22. Meditation 11

Practice with your eyes open, and drop any identification with thought.

Once again find your seat and take a few deep breaths and gently close your eyes. You’ll find you can meditate with your eyes open or closed. It doesn’t matter in the end, but for the moment, let’s keep them closed and become aware of the sensation of breathing. As we did yesterday, become aware of the feeling of your face and head.

Whatever it is that’s appearing in consciousness that tells you you have a face and a head, whether it’s pressure, temperature, something is appearing. And yet most of the time we feel that we are in our heads, behind our faces. I want you to notice how untenable that is from the point of view of consciousness. The feelings of your face and head are rising in consciousness in this moment. They’re appearing in this same condition where sounds and other sensations and even thoughts themselves are arising.

Your thoughts are not in your head as a matter of experience. Everything is simply appearing in awareness in this moment. Again, this is not a statement about consciousness being independent of the brain. We can think and talk about that in one of the lessons. I’m talking about the raw experience.

There’s just sensation arising in each moment in consciousness. And this includes the feeling of having ahead, the feeling of being behind your face. And it even includes the experience of looking out at a world that appears to be other than what you are. So in this moment, open your eyes and simply look at your visual field, at this bright display of color and shadow. This too is appearing in the same space.

This is the same place where thoughts and sensations are arising. This is consciousness. And if that’s not obvious to you, I’d like you to consciously visualize something in the space before you. Picture a candle burning a few inches from your nose. Something appeared there.

People who can visualize very clearly might see something quite vivid. For others of us, it could be just this subtle impression of vision, but something happened. Right? That’s a thought appearing in your visual field. All of this is a construct of your brain that has very much the quality of a dream.

In waking life, our brains are doing much the same thing they’re doing while we’re dreaming. They’re just constrained by data coming in from the world. But everything you can see in the world as the world is appearing by virtue of what your brain is doing, and it’s appearing in consciousness. And there’s only one space in which anything can appear. And it’s right here in this field of color and light and sensation.

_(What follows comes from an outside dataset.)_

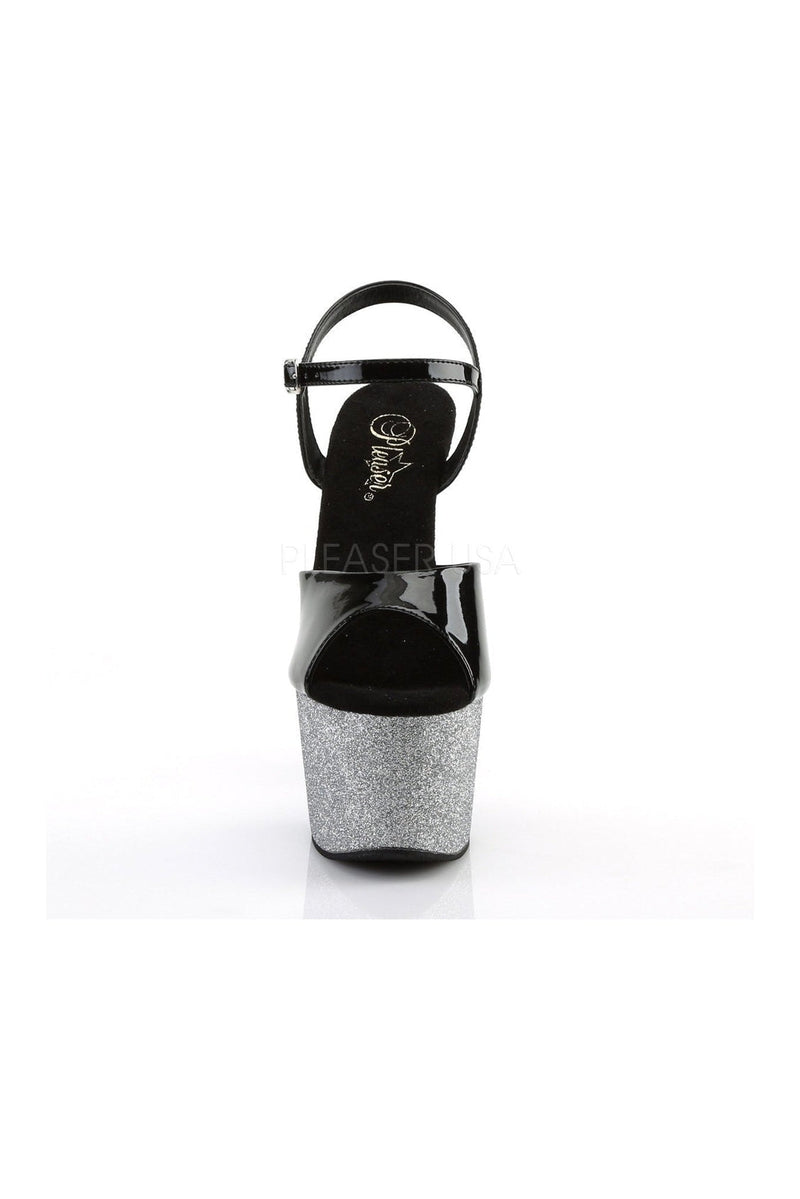 7" (178mm) Heel, 2 3/4" (70mm) Platform Ankle Strap Sandal Featuring the Entire Platform Bottom Covered W/ Multi Colored Glitters for an Ombre Effect

K. There’s a unified space wherein everything that can be noticed is noticed and changes moment to moment. Now close your eyes again. And rather than lose your connection to seeing, now stare into the darkness behind your eyelids. That too is a visual field.

Really, every bit as much as what you saw with your eyes open. It may be indistinct. You may be apt to forget about it in a few moments, but there is potentially much to see there. As a matter of experience, there’s nothing outside of consciousness. So simply rest as that condition in which thoughts and sensations and sights and sounds and moods and emotions arise in each moment.

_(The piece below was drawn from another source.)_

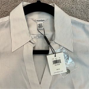 Calvin Klein, white with gray pinstripes, brand new, never worn, long sleeves, non ironing, size XS.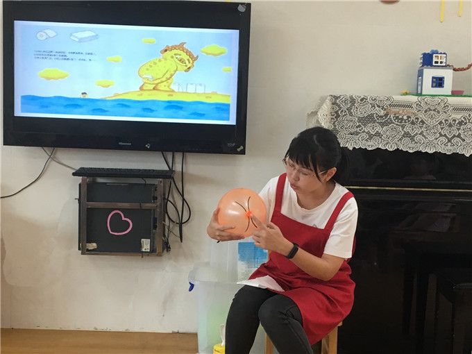 老师拿出早已准备好的气球。笑眯眯的气球宝宝真可爱,将气球翻转过来,咦?原来气球宝宝也有屁屁。只听老师说道“小气球看到书里的擦屁屁方法,它也想学,谁来教教它?”

You find your attention becoming diffuse. You’re not noticing anything with any real clarity. You might sharpen it up by paying very careful attention to the breath. And again, the use of a mental note can be very helpful here. Either in and out or actually counting your breaths.

And starting again at 1 when you lose count. In this last minute of the session, just begin again. And just leave your mind totally relaxed. And notice whatever you notice spontaneously. Well, as you can see, some of these sessions have a little more of a philosophical character.

The kinds of considerations I’ve been talking about in some of the lessons begin to intrude. I try to strike a a balance here. But sometimes, it’s good to bring into a meditation session a more conceptual approach, which is what I did a little at the beginning here. We will be revisiting this territory many times before the course is over. So if some of it seemed a little hard to grasp at this point, no worries.

Once again, thank you for your practice. Please don’t underestimate the power and utility of spending just 10 minutes like this each day. As I said at the beginning of the course, the difference between 0 and 10 minutes is truly enormous. So you should feel very good about spanning that particular gulf.